Lebih tragis lagi, dukungan yang diberikan kepada Prabowo-Gibran gratis segratis-gratisnya secara politik. Efek ekor jas (coat-tail effect), yang biasanya didapat dari pendukung capres-cawapres yang diusung, tidak akan diperoleh Demokrat.
Pendukung Prabowo, tetap akan memilih Partai Gerindra. Sedang relawan Jokowi sudah punya saluran aspirasi politik sendiri yakni Partai Solidaritas Indonesia (PSI), yang dinahkodahi oleh putra bungsu Presiden Jokowi, Kaesang Pangarep.
Sebersit asa Jokowi akan mengangkat AHY menjadi menteri sebagai imbal-balik dukungan, layu sebelum berkembang. Posisi Demokrat dalam tim pemenangan Prabowo-Gibran pun, tidak lebih sebagai pelengkap.
Partai Demokrat yang sempat dianggap memiliki kans masuk 3 besar dalam kontestasi Pemilu 2024, telah kehilangan momentum sekaligus posisi tawar (bargaining position). Dan hal itu tidak lucu sama sekali mengingat SBY bukan politisi kaleng-kaleng dan bukan juga "jenderal cengeng".
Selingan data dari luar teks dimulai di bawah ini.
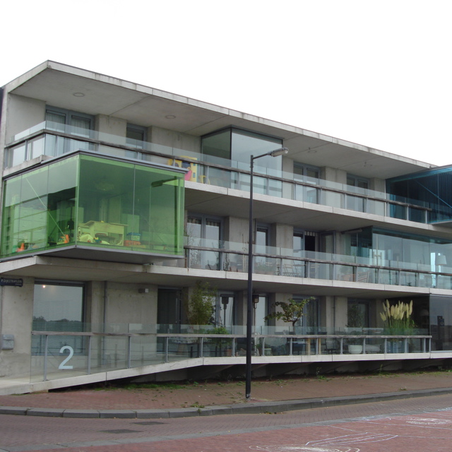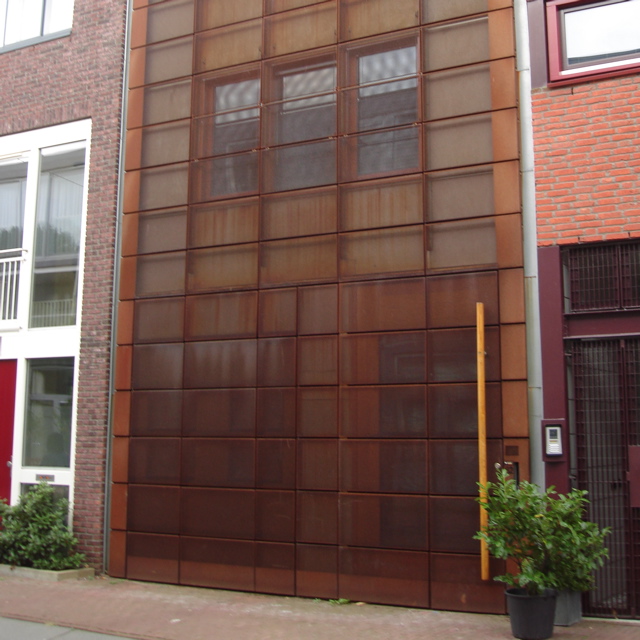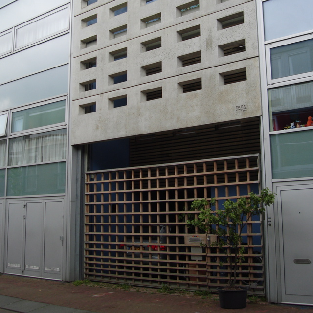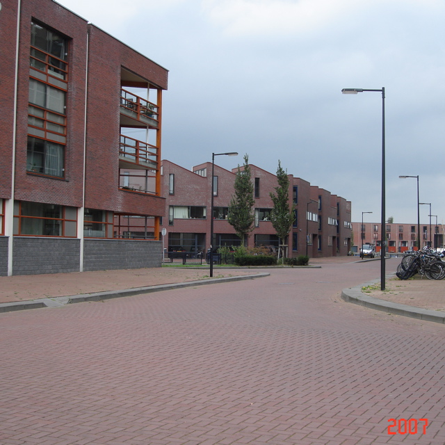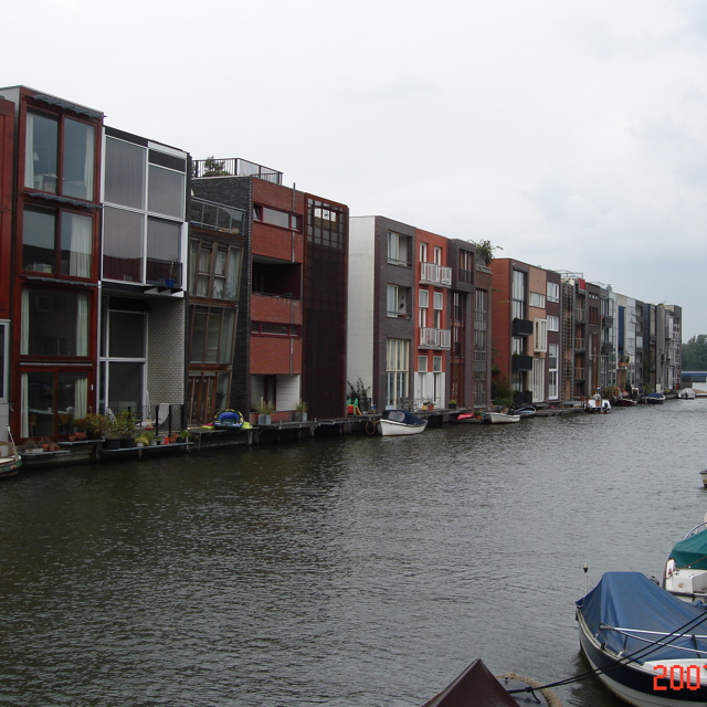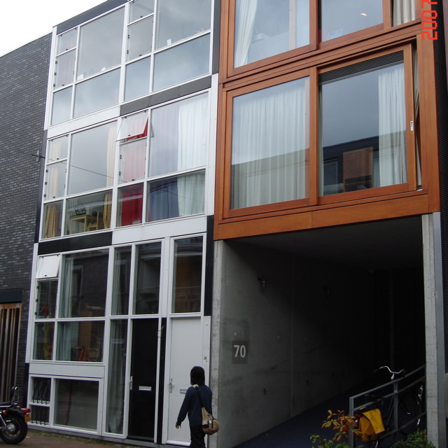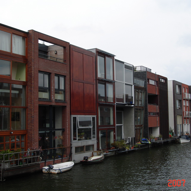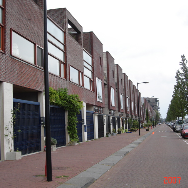 モンドリアン的な色使いの住宅もありと、歩いていて飽きのこない街並です。

Reputasi dan prestasi SBY sudah diakui dunia. Oleh karenanya kita merasa kasihan ketika di masa kampanye nanti, SBY bergantian toa dengan jurkam kampung untuk mempromosikan cawapres "karbitan", yang sama sekali tidak memberi keuntungan elektoral bagi partai dan kader-kader Demokrat yang sedang berjuang menjadi calon anggota legislatif.